**WHAT YOU WILL DO**
An image-free, exact copy of the records below is required.

__________________________________________________

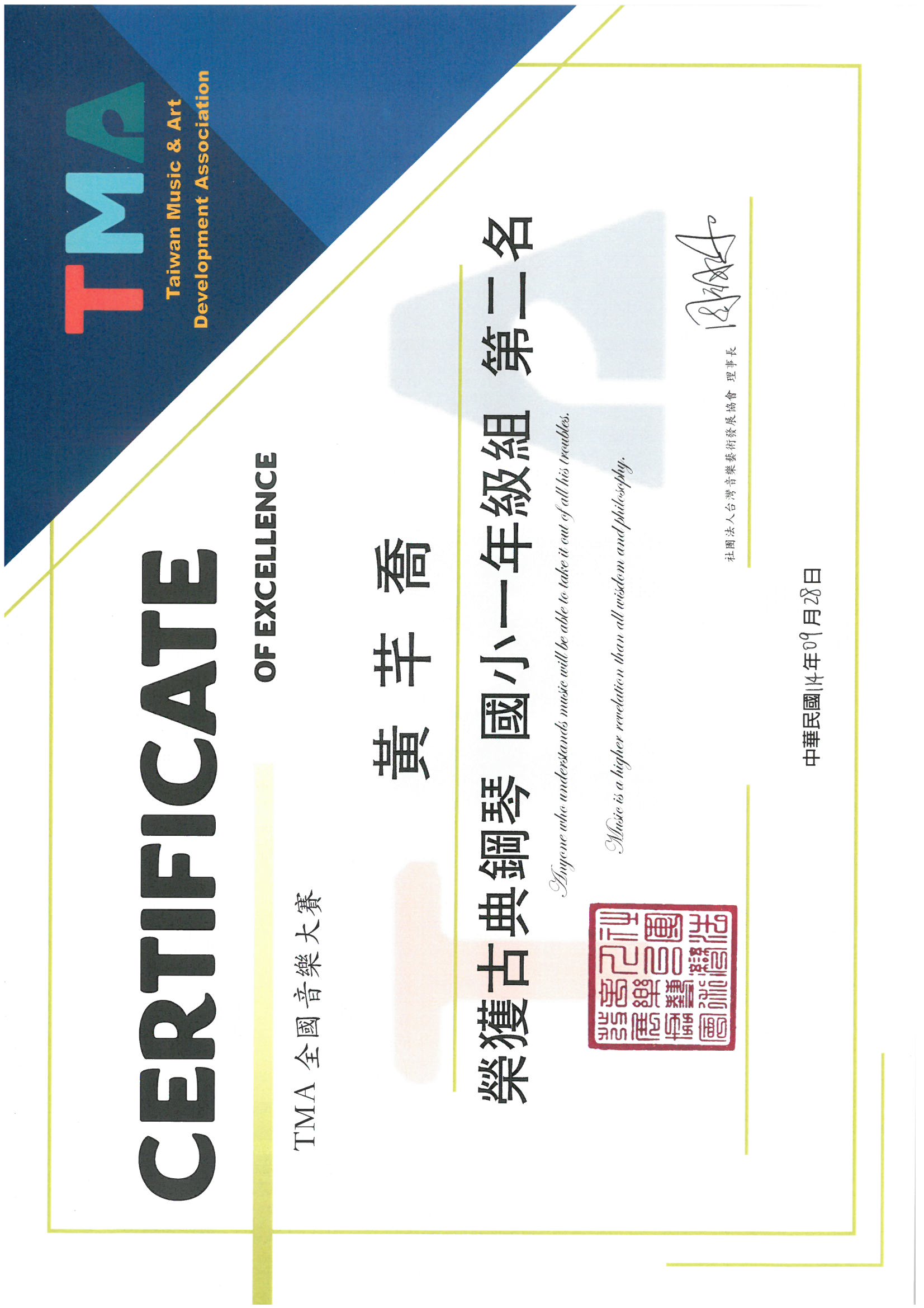 2025 10/1 賀本校 一忠 黃芊喬同學 榮獲TMA全國音樂大賽 古典鋼琴 國小一年級組 第二名 一年忠班 黃芊喬榮獲TMA全國音樂大賽 古典鋼琴 國小一年級組 第二名.jpg 285.62 KB賀本校 一忠 黃芊喬同學 榮獲TMA全國音樂大賽 古典鋼琴 國小一年級組 第二名 返回
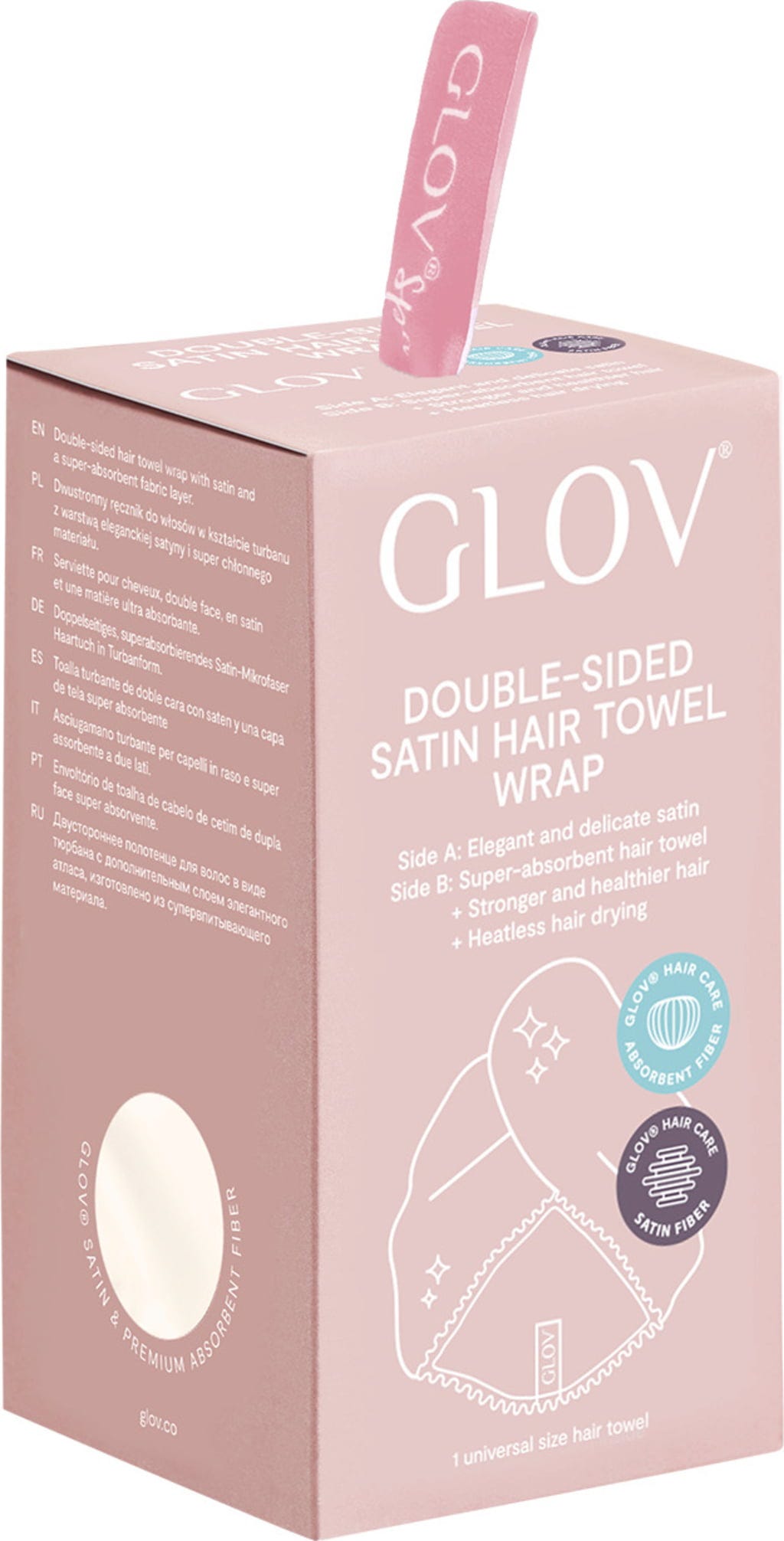 Den vendbare turbanen kan brukes på begge sider. Det superabsorberende GLOV®-mikrofibermaterialet absorberer fuktighet etter hårvask, mens den satengbelagte siden ser fantastisk ut. Når den glatte satin-siden er innvendig, beskytter den håret mot brudd, krus og floker. Hair Wrap er ideell for krøllete hår eller for de som vil gå ut med vått hår - perfekt som et elegant tilbehør.
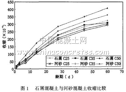 從圖1可 以看出,相同環境條件下同強度等級的石屑混凝土收縮比河砂混凝土要大一些,這可能是同強度等級石屑混凝土單方用水量要比河砂混凝土大,其中部份水是被石屑吸收,這部份水的蒸發會增大混凝土收縮;另外一個原因可能是石屑中細顆粒的堅固性較河砂差,從而影響了混凝土收縮。總體看來中低強度等級的石屑混凝土收縮較同強度等級的河砂混凝土增加不是很明顯,而石屑C50混凝土收縮較中低強度等級的混凝土明顯偏高,所以在配制較高強度等級石屑混凝土時應進一步研究改善收縮性能的方法和措施。
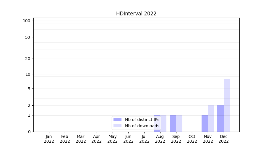 Number of downloads for annotation package HDInterval, year by year, from 2025 back to 2014 (years with no downloads are omitted):
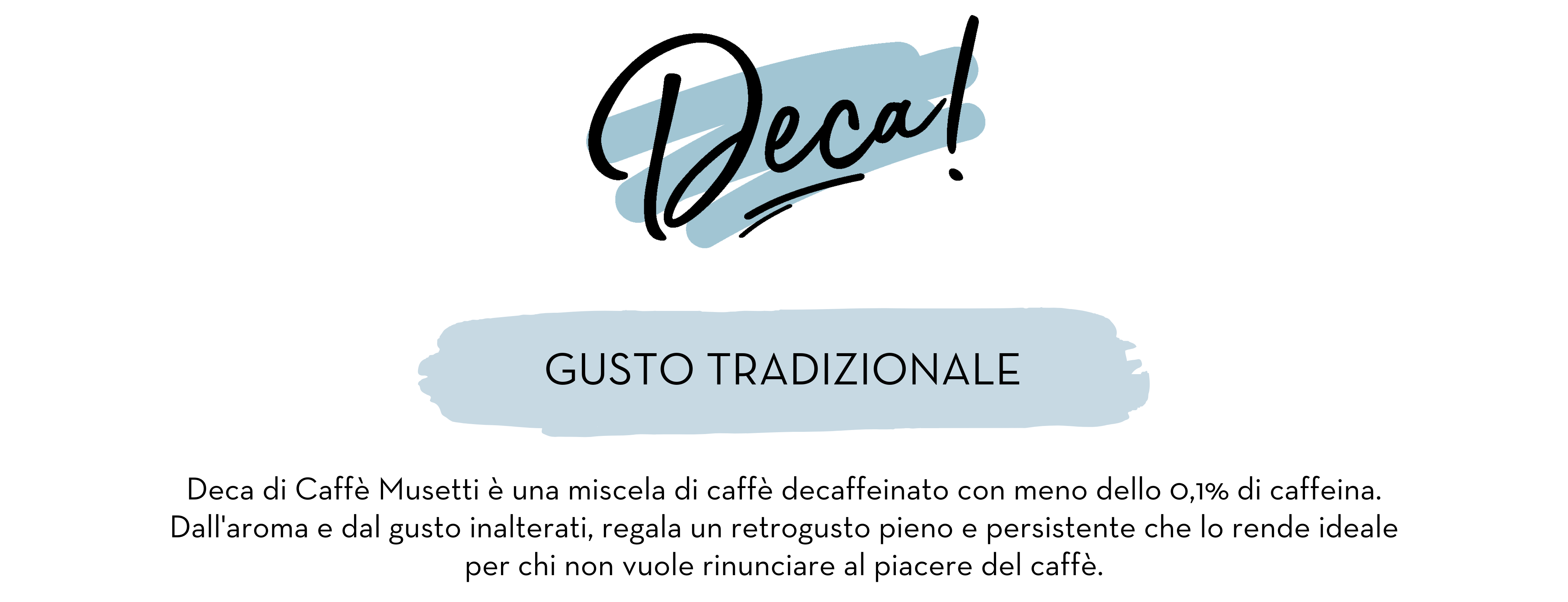 Deca: Entkoffeinierte Kaffeemischung, weniger als 0,1 % Koffein, 100 % traditioneller Geschmack. Süß und von einem zarten Aroma geprägt, mit einem vollen und anhaltenden Abgang. Es richtet sich an diejenigen, die auf Koffein verzichten möchten, ohne den Kaffeegenuss zu verlieren.
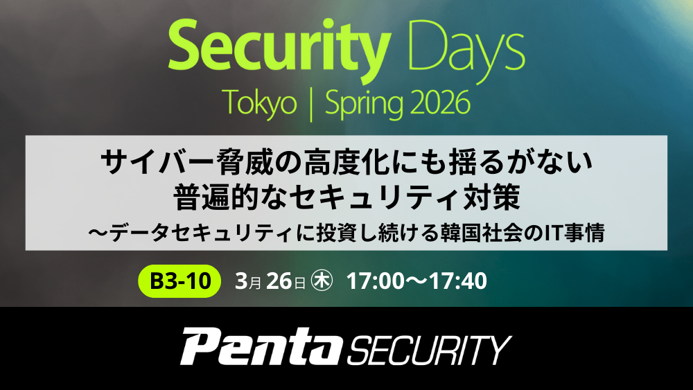 情報セキュリティ企業のペンタセキュリティ株式会社(本社:韓国ソウル、日本法人 代表取締役社長:陳 貞喜、以下ペンタセキュリティ)は、2026年3月26日(木)にJPタワー ホール&カンファレンス(KITTE 4F)で開催されるイベント「Security Days Spring 2026 Tokyo」にて、講演することをお知らせいたします。
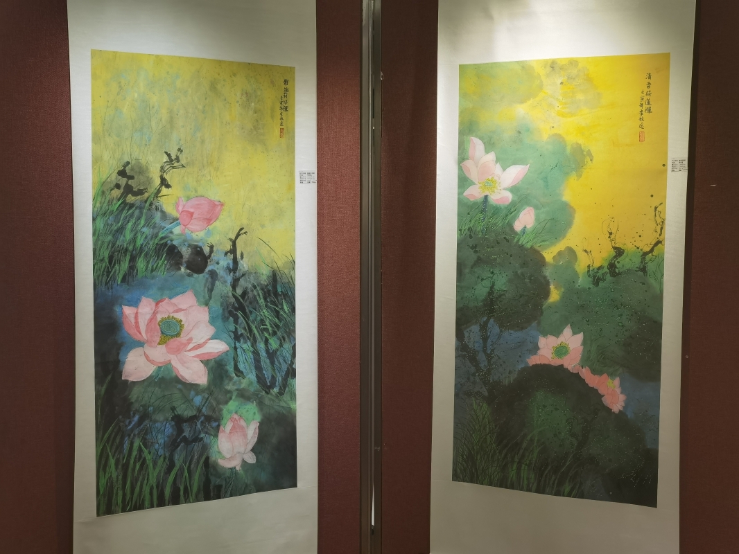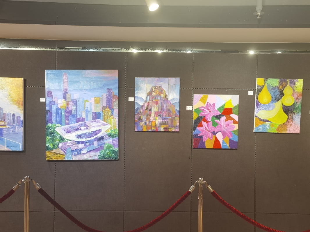 展覽不止匯聚國畫,亦有經典油畫作品展示,包括以藍紫色調繪出的香港會展中心等。畫卷上建築物的墨色、荷蓮等植物的彩色、現代建築的絢麗藍紫色交相輝映,中西方繪畫藝術的筆法與印象相結合,吸引不少遊覽者駐足觀看。 展覽現場還推出李牧遙與藝小T聯名文創服飾,將國貨與藝術相結合,引領“新國潮”風尚。文創服飾設計巧妙,將藝術家的畫作“穿”在身上,遊覽者同樣可從現場畫作中找到系列作品的源頭。裕華國貨為此特設專區展售,提供T恤、套頭衫等服裝,價位在100至200多港元不等,將藝術之美滲透進日常生活。
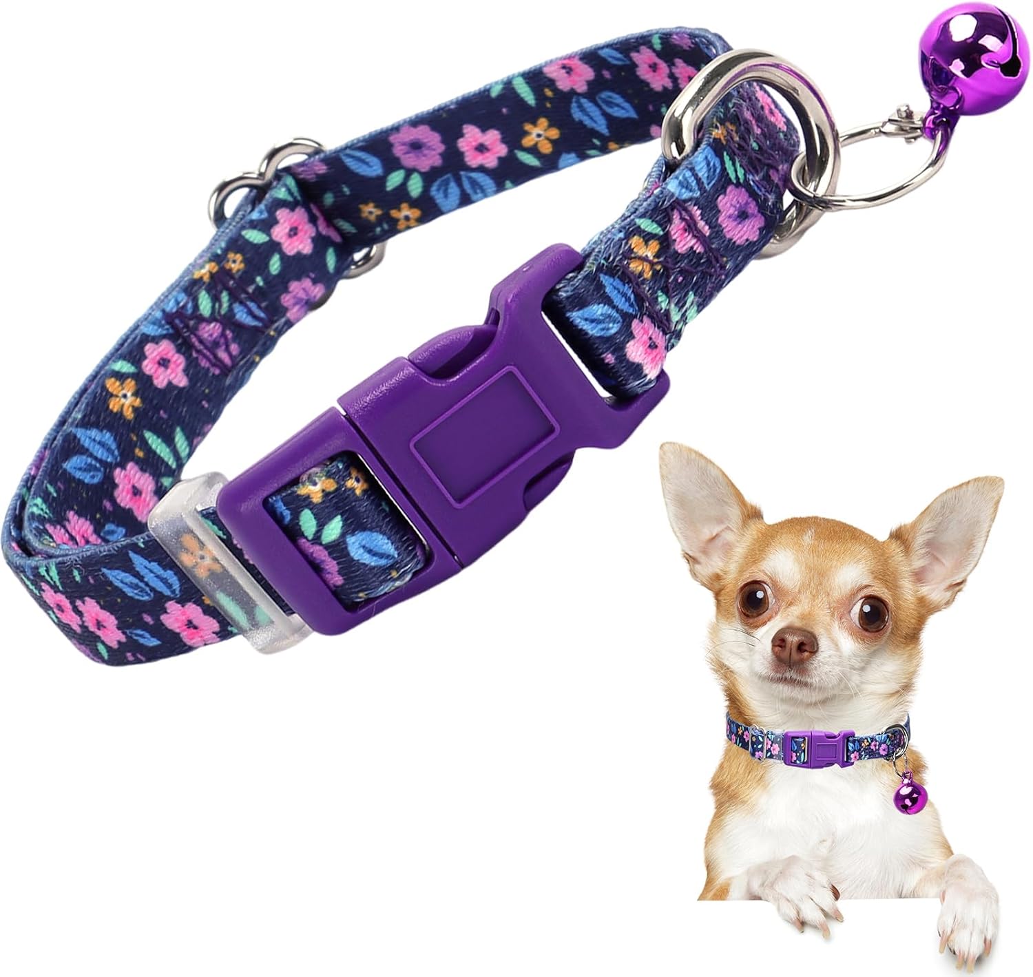 Nylon Dog Collar with Bell for Small Dogs, Adjustable Puppies, Kittens & Small Pets Collar- Purple Floral Design, XXS-XS-S Sizes, Lightweight & Secure Fit, for Pet Owners (S)

__________________________________________________

**TASK ANSWER**
 2025 10/1 賀本校 一忠 黃芊喬同學 榮獲TMA全國音樂大賽 古典鋼琴 國小一年級組 第二名 一年忠班 黃芊喬榮獲TMA全國音樂大賽 古典鋼琴 國小一年級組 第二名.jpg 285.62 KB賀本校 一忠 黃芊喬同學 榮獲TMA全國音樂大賽 古典鋼琴 國小一年級組 第二名 返回
 Den vendbare turbanen kan brukes på begge sider. Det superabsorberende GLOV®-mikrofibermaterialet absorberer fuktighet etter hårvask, mens den satengbelagte siden ser fantastisk ut. Når den glatte satin-siden er innvendig, beskytter den håret mot brudd, krus og floker. Hair Wrap er ideell for krøllete hår eller for de som vil gå ut med vått hår - perfekt som et elegant tilbehør.
 從圖1可 以看出,相同環境條件下同強度等級的石屑混凝土收縮比河砂混凝土要大一些,這可能是同強度等級石屑混凝土單方用水量要比河砂混凝土大,其中部份水是被石屑吸收,這部份水的蒸發會增大混凝土收縮;另外一個原因可能是石屑中細顆粒的堅固性較河砂差,從而影響了混凝土收縮。總體看來中低強度等級的石屑混凝土收縮較同強度等級的河砂混凝土增加不是很明顯,而石屑C50混凝土收縮較中低強度等級的混凝土明顯偏高,所以在配制較高強度等級石屑混凝土時應進一步研究改善收縮性能的方法和措施。
 Number of downloads for annotation package HDInterval, year by year, from 2025 back to 2014 (years with no downloads are omitted):
 Deca: Entkoffeinierte Kaffeemischung, weniger als 0,1 % Koffein, 100 % traditioneller Geschmack. Süß und von einem zarten Aroma geprägt, mit einem vollen und anhaltenden Abgang. Es richtet sich an diejenigen, die auf Koffein verzichten möchten, ohne den Kaffeegenuss zu verlieren.
 情報セキュリティ企業のペンタセキュリティ株式会社(本社:韓国ソウル、日本法人 代表取締役社長:陳 貞喜、以下ペンタセキュリティ)は、2026年3月26日(木)にJPタワー ホール&カンファレンス(KITTE 4F)で開催されるイベント「Security Days Spring 2026 Tokyo」にて、講演することをお知らせいたします。
 展覽不止匯聚國畫,亦有經典油畫作品展示,包括以藍紫色調繪出的香港會展中心等。畫卷上建築物的墨色、荷蓮等植物的彩色、現代建築的絢麗藍紫色交相輝映,中西方繪畫藝術的筆法與印象相結合,吸引不少遊覽者駐足觀看。 展覽現場還推出李牧遙與藝小T聯名文創服飾,將國貨與藝術相結合,引領“新國潮”風尚。文創服飾設計巧妙,將藝術家的畫作“穿”在身上,遊覽者同樣可從現場畫作中找到系列作品的源頭。裕華國貨為此特設專區展售,提供T恤、套頭衫等服裝,價位在100至200多港元不等,將藝術之美滲透進日常生活。
 Nylon Dog Collar with Bell for Small Dogs, Adjustable Puppies, Kittens & Small Pets Collar- Purple Floral Design, XXS-XS-S Sizes, Lightweight & Secure Fit, for Pet Owners (S)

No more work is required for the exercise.